Something has happened in this country, though.  Common sense has disappeared.  Seems like no one can figure out how to do anything anymore.  Fortunately for us, the government has stepped in to regulate our lives which we are suddenly no longer capable of regulating.  Good thing, too,  because we’re becoming more senseless by the minute.

OK, I’ll be honest.  It’s all about money.  People want to make more of it.  One way to make more is to spend less on materials and to spare the time to put in that extra nail.  At the same time, people and businesses are discovering that, the only way to stay in business is to try to cut as many corners as possible.

It’s and interest catch 22 we’re in.  The more regulations the government imposes on us, the more we have to try to cut corners, deal under the table, stay under the radar.  This, in turn, leads the government to impose more regulations, that cost more money for compliance, that cause more people to want to cut corners.

Too bad there are so many greedy people on both sides of the government.  If we all just tried to do what was best for our neighbors, and for ourselves, like people in this country used to do, we wouldn’t have all this need to enforce compliance.  More and more, now, it becomes we and they — rule breakers and rule makers.  The game of one-up.  Kind of a senseless game with no end in sight, isn’t it?



Filed under Economics/ Book Reviews, On Family, Health, Environment and Ethics

3 responses to “The difference between common sense and regulations

  1. As a structural engineer I would say this
    1. regulations are not there to stop people who know what there doing from building stuff, they are there to stop people who don’t know what they’re doing from building stuff.
    2. Isambard Kingdom Brunel (the greatest engineer who ever lived) said, in answer the the question ‘what is an engineer’, replied ‘someone who can do for a penny what any fool can do for a pound’.

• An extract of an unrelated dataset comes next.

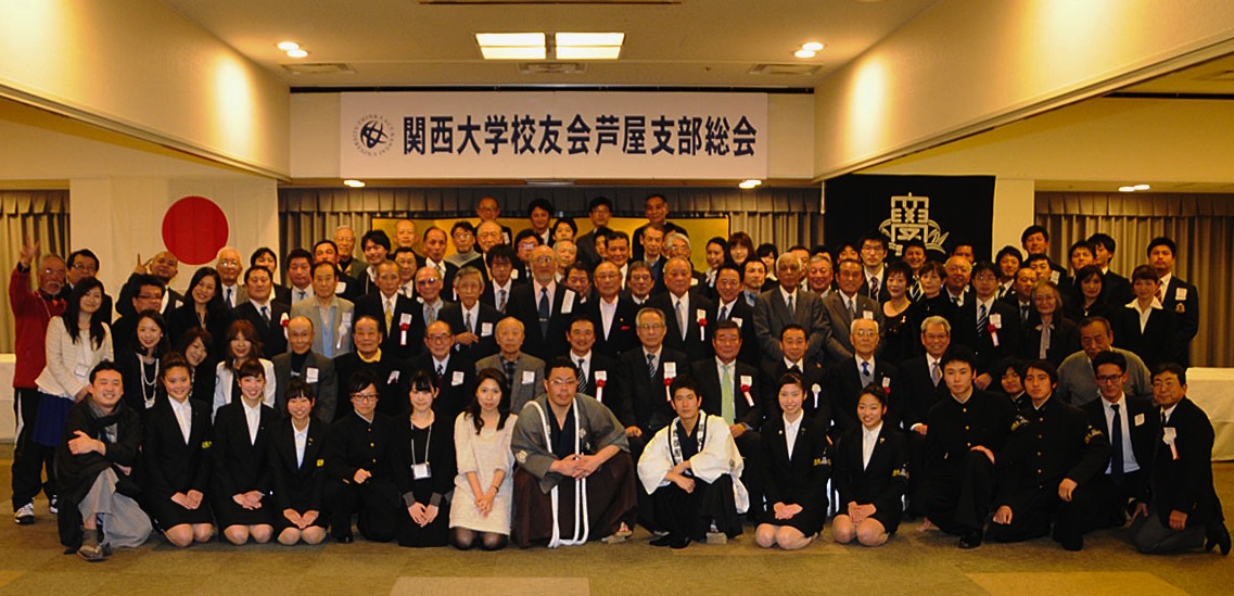 2月7日に植田芳光校友会副会長をはじめ、近隣8支部と応援団OB千成会や女子秀麗会からご来賓を迎え、応援団を含む現役学生28人、支部校友、総勢100人で27年度芦屋支部(直林法廣支部長)総会をホテル竹園芦屋で開催した。

    Great post and important points made.

    • Tried replying a week ago, but WordPress has bugs.
      Yes, but this is my point, in a backward way. Having a piece of paper doesn’t make me an expert, any more than not having one doesn’t. Today, I finished my first tiling job. Let’s just say is was school for me, and I’m glad it’s in my house and not a paying customer. But, the best learning part of it was that I had to finish what another bozo started. So, between the two of us, we put many pounds of effort into a two-penny job. But I learned the following:

      1. Fancy light sabers are no match for a good blaster. Translated: Sometimes all the fancy cutting gadgets in the world don’t beat a hammer and chisel.

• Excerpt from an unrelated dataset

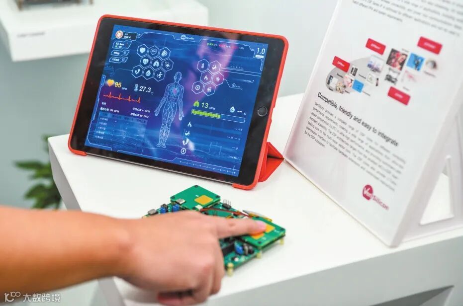 芯原微电子自主研发的新健康平台Verihealth,其传感器检测的数据可以在芯片内进行计算,并把结果通过蓝牙传输到平板电脑上。海口日报记者康登淋 摄

      2. Always start in the middle. I always do this when working on piano actions, even though it would seem to make more sense to start at one end. I think it is because the middle is the most critical, and I want it ready fast, in case I have to cut things short. In the case of tiling, as I already knew, if you start at the edge, you’ll be in trouble by the time you get to the middle. Well, I had to work with what was there. My finished product was not bad, by amateur standards. But, a lot of cutting strange sizes to make it all work out.

      3. If you really need it, it will break. My tile cutter decided to quit just after Menard’s closed.

      4. Professionals are worth their price. The cost of tooling up alone is probably more than what the whole job would have cost, had I hired someone competent. Of course, I plan to use all the tools again, so it’s OK for me. I also learned which tools don’t work, so I’ll know better next time.

      5. The boys at Menard’s are not always experts. And, also, directions on the bad don’t make up for experience. Next time I’ll know to add a little more water and not have the mortar already set with half the tiles to still place.

      6-10. Well, I’m sure they exist, though I can’t think of them at the moment.